===== DATA EXCERPT
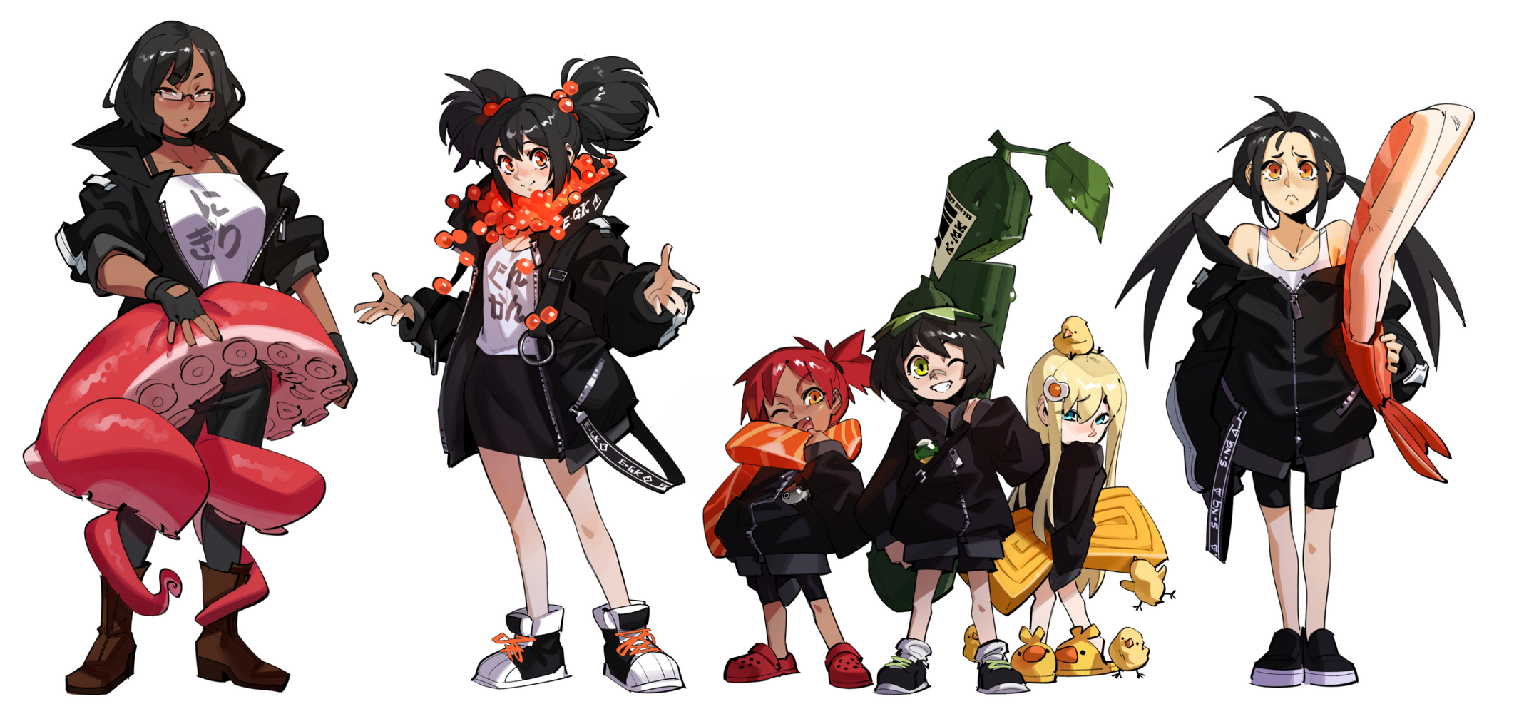 Sushi Gijinka; (gijinka meaning "humanization" in japanese) is a set of characters I designed specifically for my college exihibition (2023). Appearance wise, they are based on... sushi. I really like sushi... and anime character designs! They don't have names yet!
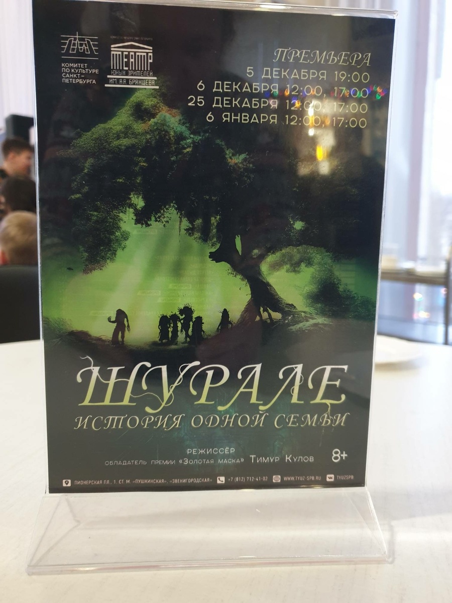 Моей дочке 14 лет, она читает Данте и сводила меня на детский утренник) Ну, честно, это моя идея пойти была на детский спектакль, а она согласилась. *** Мы на каникулах в Санкт-Петербурге. Но купить билеты в театр уже сложно - всё раскуплено. Нашли билеты в ТЮЗ, на премьерный спектакль "Шурале". ТЮЗ - нам знакомый театр. И на их новогодних представлениях мы бывали, но уже давно. Доковидных времён. Поэтому для нас вчерашний выход был немного ностальгическим) Поставили такую скульптурную композицию у театра, который отмечает в этом году своё столетие. Спектакль "Конёк-горбунок" - визитная карточка ленинградского ТЮЗа. До спектакля было новогоднее представление: замёрзшие зайчики, огнегривый конь, чью подкову стащила омолодившаяся баба Яга, и, конечно, дед Мороз со Снегурочкой, что всё разрулили и ёлочку зажгли. Шурале нам знаком. Мы были в Казани, а это один из главных местных фольклорных персонажей. Хорошо известен благодаря сказке первого татарского поэта Габдуллы Тукая. Мы эту сказку
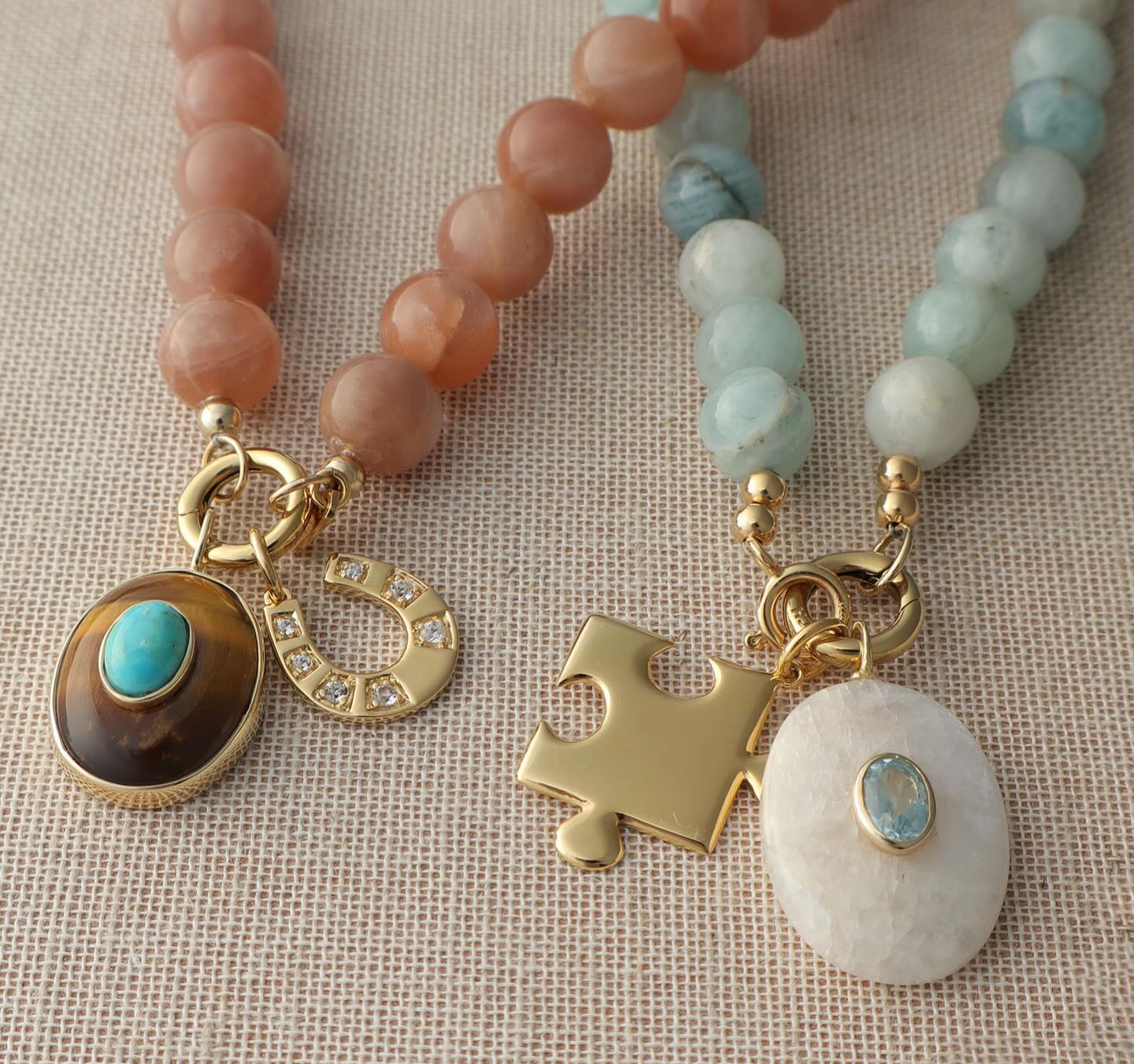 Our Sol pendant features rich tiger’s eye with a vibrant turquoise center.
==========
WHAT NEEDS TO BE DONE> The whole listing above should be restated word for word, minus any images.

WRITTEN RESPONSE>
 Sushi Gijinka; (gijinka meaning "humanization" in japanese) is a set of characters I designed specifically for my college exihibition (2023). Appearance wise, they are based on... sushi. I really like sushi... and anime character designs! They don't have names yet!
 Моей дочке 14 лет, она читает Данте и сводила меня на детский утренник) Ну, честно, это моя идея пойти была на детский спектакль, а она согласилась. *** Мы на каникулах в Санкт-Петербурге. Но купить билеты в театр уже сложно - всё раскуплено. Нашли билеты в ТЮЗ, на премьерный спектакль "Шурале". ТЮЗ - нам знакомый театр. И на их новогодних представлениях мы бывали, но уже давно. Доковидных времён. Поэтому для нас вчерашний выход был немного ностальгическим) Поставили такую скульптурную композицию у театра, который отмечает в этом году своё столетие. Спектакль "Конёк-горбунок" - визитная карточка ленинградского ТЮЗа. До спектакля было новогоднее представление: замёрзшие зайчики, огнегривый конь, чью подкову стащила омолодившаяся баба Яга, и, конечно, дед Мороз со Снегурочкой, что всё разрулили и ёлочку зажгли. Шурале нам знаком. Мы были в Казани, а это один из главных местных фольклорных персонажей. Хорошо известен благодаря сказке первого татарского поэта Габдуллы Тукая. Мы эту сказку
 Our Sol pendant features rich tiger’s eye with a vibrant turquoise center.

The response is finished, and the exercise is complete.